JOHN HOWARD: Well, if that's the case, it does bring a new dimension to it, and the fact that they appear to be suicide bombers, that also brings a new dimension to it, and it just underlines the immensity of the problem that countries like Britain and to a lesser extent but nonetheless to some extent Australia faces. We shouldn't complacently imagine that there aren't potentially suicide bombers in this country. I believe the threat is less in Australia, but we should not be complacent about this. Fanaticism has always existed. The terrifying thing now is that the weapons available to the fanatics are both more lethal and more easily delivered, and that's what makes terrorism, modern terrorism, so much more threat threatening.

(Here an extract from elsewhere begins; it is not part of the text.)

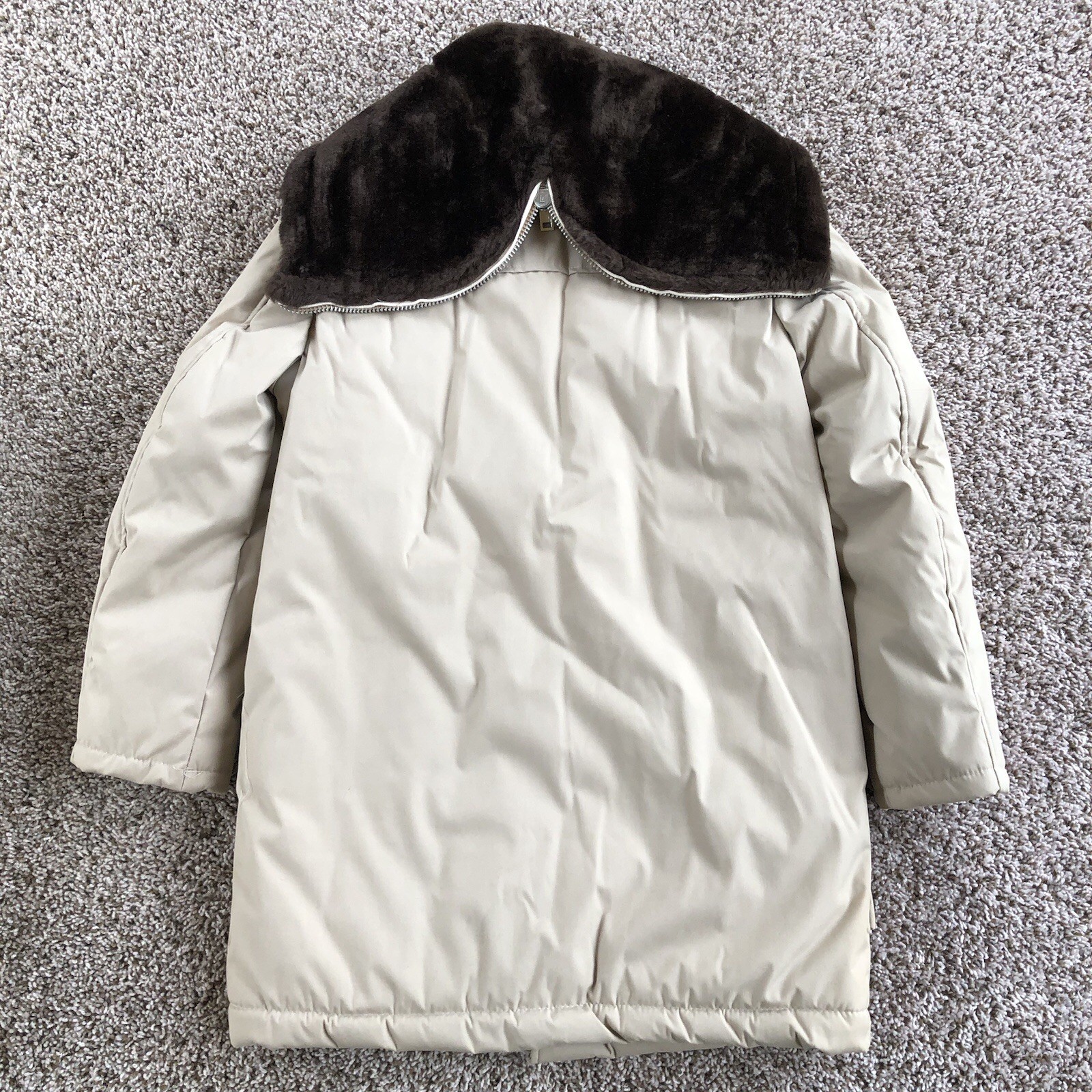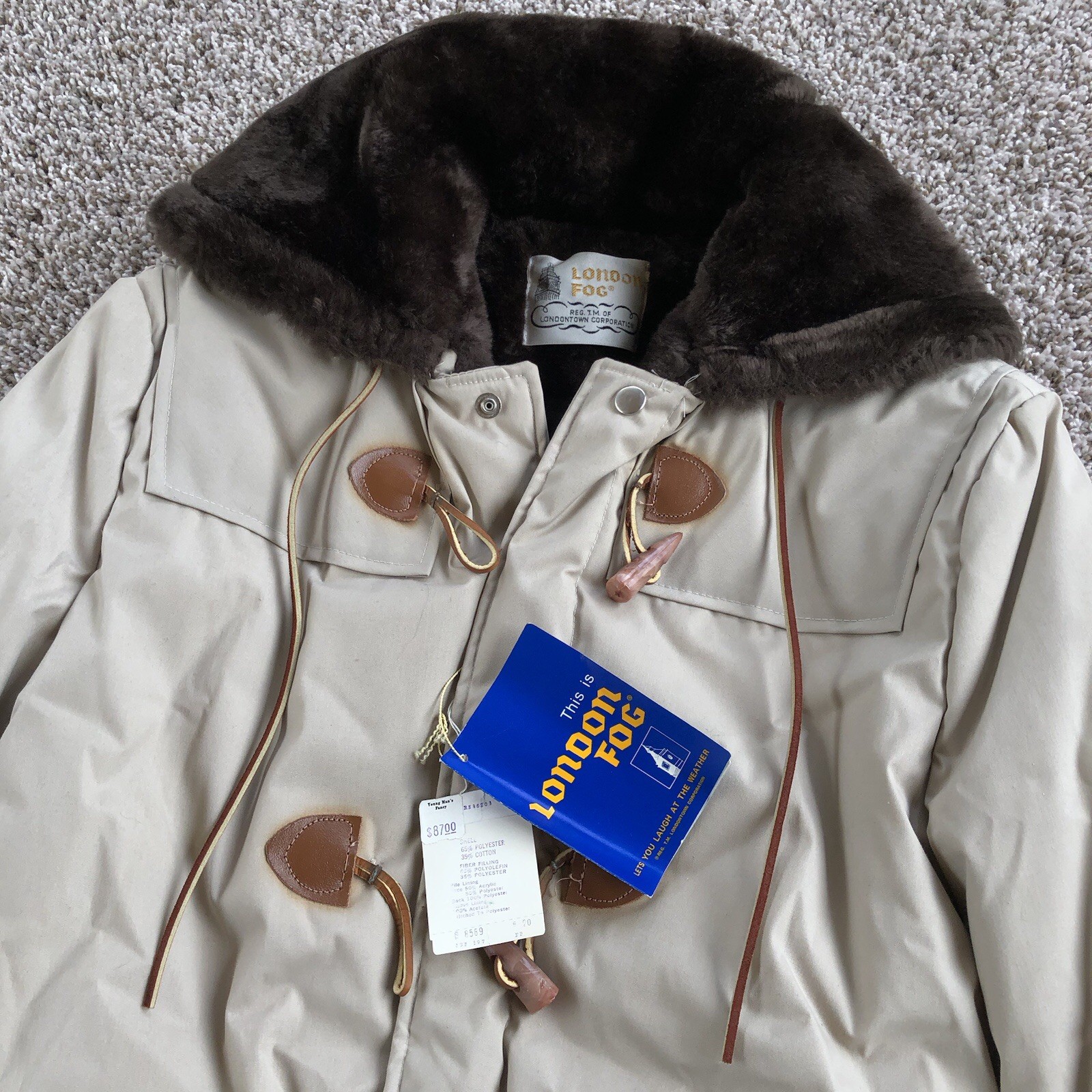 как выглядит Vintage London Fog Faux Fur Lined Hooded Toggle Coat Beige Tan Union Made USA фото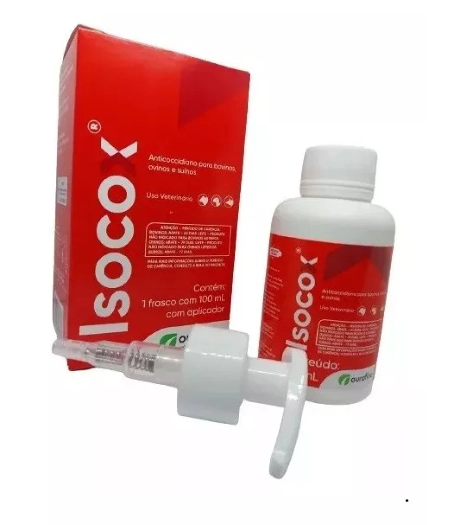 Bovinos e Ovinos: A coccidiose bovina e ovina afeta principalmente animais jovens, resultando em distúrbios gastrintestinais e quadros variados de diarreia. Isocox® é indicado para profilaxia, metafilaxia e tratamento da coccidiose provocada por Eimeria bovis, Eimeria zuernii em bovinos, e Eimeria crandallis, Eimeria ovinoidalis em ovinos. A administração em bovinos deve seguir a dosagem de 3 mL para cada 10 kg de peso vivo (equivalente a 15 mg/kg de Toltrazuril) pela via oral em dose única. Em ovinos, a dosagem recomendada é de 1 mL para cada 2,5 kg de peso vivo (equivalente a 20 mg/kg de Toltrazuril), também em dose única.

MAXINE McKEW: Prime Minister, if as you say you can't rule out that possibility that we could have potential bombers right here in Australia, what if today's announcement, this redeployment to Afghanistan and our continued presence in Iraq is all the provocation they need?

JOHN HOWARD: Maxine, these people are opposed to what we believe in and what we stand for, far more than what we do. If you imagine that you can buy immunity from fanatics by curling yourself in a ball, apologising for the world - to the world - for who you are and what you stand for and what you believe in, not only is that morally bankrupt, but it's also ineffective. Because fanatics despise a lot of things and the things they despise most is weakness and timidity. There has been plenty of evidence through history that fanatics attack weakness and retreating people even more savagely than they do defiant people.


MAXINE McKEW: But this must be a factor in your thinking. I mean, you make a decision - or Cabinet made yesterday a decision - to go ahead and put extra troops into Afghanistan. And as compelling a moral and strategic reasons as there are for that decision, there could be some people out there who seek to do us harm, who will see this as just the excuse they need. That must weigh in your decision, so you're saying basically that's a risk we have to take?

JOHN HOWARD: Well, Maxine, you cannot conduct the foreign policy of a country as if it were shadow-boxing with fanatics. You just can't do that. You have to take decisions that you believe are in your country's best interests, and I believe very strongly it's in this country's best interests in 2005 to do the things we are doing in cooperation with our allies and our friends. I cannot look you in the face or the Australian public in the face and say, "This country is guaranteed immunity from a terrorist attack.
" I hope and pray it never happens, but it's a possibility. We have to understand that that is the world we're living in, and it's fair to say that the people who died on the London Underground, they were certainly not all white Anglo-Celtic Christians, they were a combination of people of different races and of different religions and it just undermines the fact that murderous fanatics are the enemies of us all, not just the enemies of a stereotypical idea of what a Westerner represents.

MAXINE McKEW: Prime Minister, we have to leave it there, but thanks for your time tonight and have a safe trip.

JOHN HOWARD: Thank you.
 
:clap: :clap: :clap: :clap: :clap: :clap:

applause.gif


We love you Australia! God bless you for your support and friendship!
 
Ahh good old Aussies always there when you need them, you know australia is like the only country eft that the U.S can really count on. They are also the only other coutry that hasnt botched the notion of free trade.
 
xandy123 said:
Ahh good old Aussies always there when you need them, you know australia is like the only country eft that the U.S can really count on. They are also the only other coutry that hasnt botched the notion of free trade.


And gee, would ya look at that, they're cousins of the Brits - our other staunch ally.. :)
 
I think our military contributions are widely appreciated, and admired in both the United States and Britain.
They are appreciated very much. John Howard is an excellent leader.